"Our work as gestalt therapists is that of our intuitions informed by our knowledge, integrated and integrating one with the other in a whole process as we continue to develop our art, our science --our practice."
Contemporary Gestalt Therapy
After having developed internationally for more than 60 years, gestalt therapy is a coat of many colors. There are many modes of gestalt therapy, emphasizing different aspect of the original model first developed by Fritz and Laura Perls and Paul Goodman at the New York Institute for Gestalt Therapy (NYIGT).
My mode of gestalt therapy is a contemporary gestalt therapy derived from the "foundational model" of the NYIGT.
The foundational model is based on gestalt therapy's original 1951 text, Gestalt Therapy by Fritz Perls, Paul Hefferline, and Paul Goodman, and as further developed over the decades by members of the institute. This model's core is the "sequence of contact" within the "organism/environment field." "Interruptions of contact" are experienced and are observeable as "losses of ego functioning." By resuming the uninterrupted sequence of contact, a person may creatively adjust to the on-going situations of the "organism/environment field." "Self" is understood as an on-going "creative-adjusting" of the person in the world. This is the basis of the psychotherapy itself. This is a rough summary of a richly complex model.

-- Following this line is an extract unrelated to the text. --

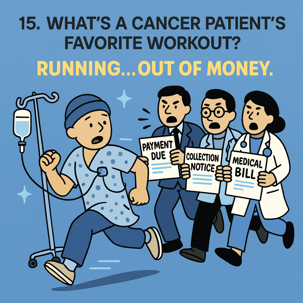 Cancer humor lands best when it turns survival into sport — and this joke transforms the financial sprint of treatment into the world’s least glamorous marathon.

This foundational model has been the bedrock for gestalt therapy for many years at the NYIGT and has become internationally established. It continues to develop.
The contemporary gestalt therapy is a more explicitly phenomenological and existential approach. This model emphasizes self as emergent of a social, phenomenal field, the self/world field. As seen as a function of this phenomenal field as well as the organism/environment field, the sequence of contacting is understood more readily as“intersubjective” and “relational.”
The contemporary model expands gestalt therapy in a phenomenological direction in order to integrate many of its concepts usefully into gestalt therapy practice. Likewise, related psychotherapy modalities such as contemporary psychoanalysis (relational and inter-subjective systems psychoanalysis), and other fields such cognitive neuroscience, psychology, philosophy of the mind, American pragmatism, and other related disciplines all have a place in the continuing development of contemporary gestalt therapy.
Most importantly, however, any of these "imported" concepts are integrated into gestalt therapy's already established tradition. "Contact" and "self" remain the principal functional organizing concepts to this model.Contemporary gestalt therapy is not a dilution of gestalt therapy, but a re-emphasis on gestalt therapy's existential-phenomenological dimensions, which more readily aligns gestalt therapy to other contemporary psychotherapies.
Contemporary gestalt therapy openly participates in the worldwide dialogue among all modalities and disciplines in which our theory and practice continues to develop and change with the world of which we are a part.
Both the foundational and contemporary models are models for gestalt therapy group process since both see the individual as a function of the social field. And “I” is foreground to “We.” Group process is self-emergent process. The sequence of contact is readily experienced within a group.